A man is at a distance of 6 m from a bus. The bus begins to move with a constant acceleration of `3 ms^(−2)`. In order to catch the bus, the minimum speed with which the man should run towards the bus is

To solve the problem, we need to find the minimum speed \( V \) with which the man should run towards the bus in order to catch it. Let's break down the steps: ### Step 1: Understand the scenario The man is initially 6 meters away from the bus, which starts moving with a constant acceleration of \( a = 3 \, \text{m/s}^2 \). The bus starts from rest, so its initial velocity \( u = 0 \). ### Step 2: Use the equations of motion We can use the equations of motion to relate the distance traveled by the bus to the speed of the man. The equation we will use is: \[ V^2 = u^2 + 2as \] Where: - \( V \) is the final velocity of the bus, - \( u \) is the initial velocity of the bus (which is 0), - \( a \) is the acceleration of the bus, - \( s \) is the distance traveled by the bus. ### Step 3: Substitute the known values Since the bus starts from rest, \( u = 0 \).

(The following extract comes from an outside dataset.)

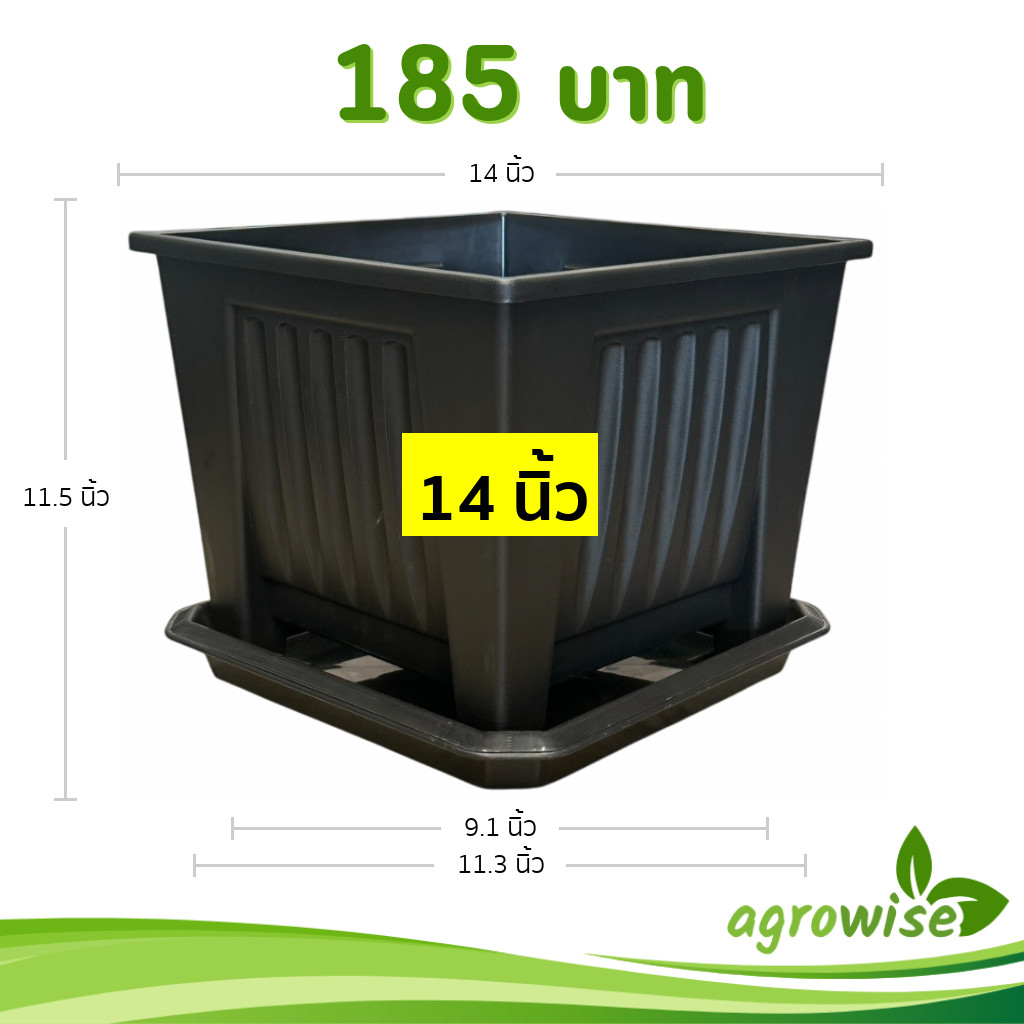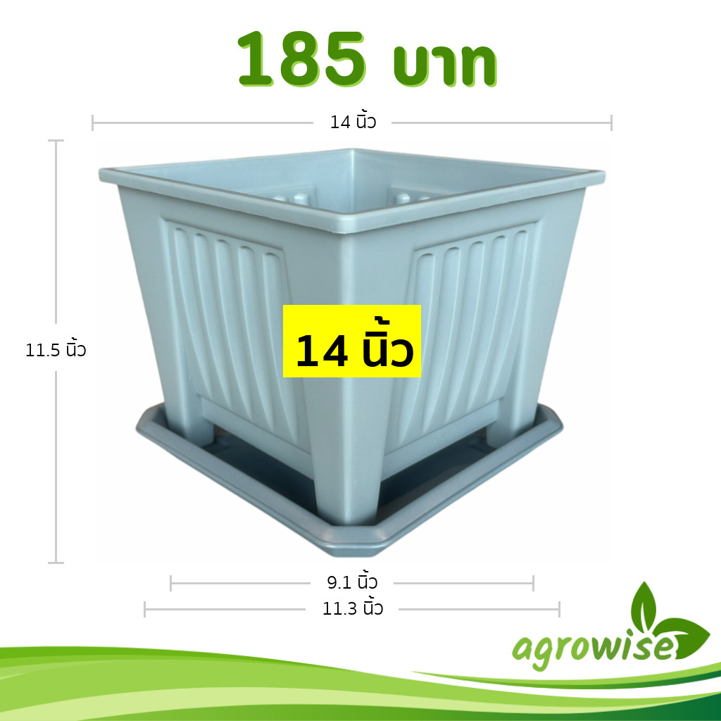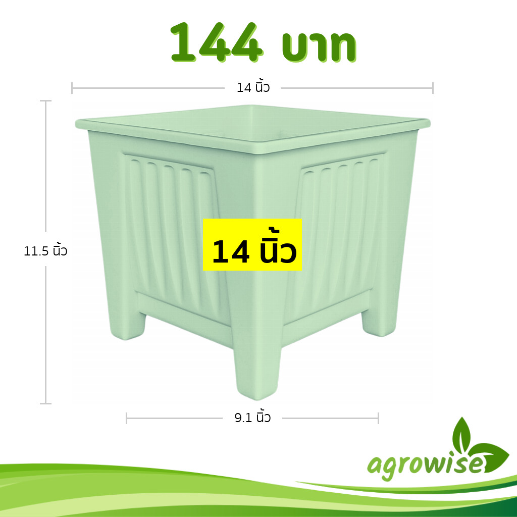 กระถางต้นไม้ กระถางกุหลาบ กระถางสี่เหลี่ยมทรงสูง 13 นิ้ว สีเขียวพาสเทล Bundle 5 ใบ ชิ้น อัน

The acceleration \( a = 3 \, \text{m/s}^2 \) and the distance \( s = 6 \, \text{m} \) (the distance between the man and the bus). Plugging these values into the equation gives: \[ V^2 = 0 + 2 \times 3 \times 6 \] ### Step 4: Calculate \( V^2 \) Now, we calculate \( V^2 \): \[ V^2 = 2 \times 3 \times 6 = 36 \] ### Step 5: Find \( V \) To find \( V \), we take the square root of \( V^2 \): \[ V = \sqrt{36} = 6 \, \text{m/s} \] ### Conclusion Thus, the minimum speed with which the man should run towards the bus to catch it is \( 6 \, \text{m/s} \).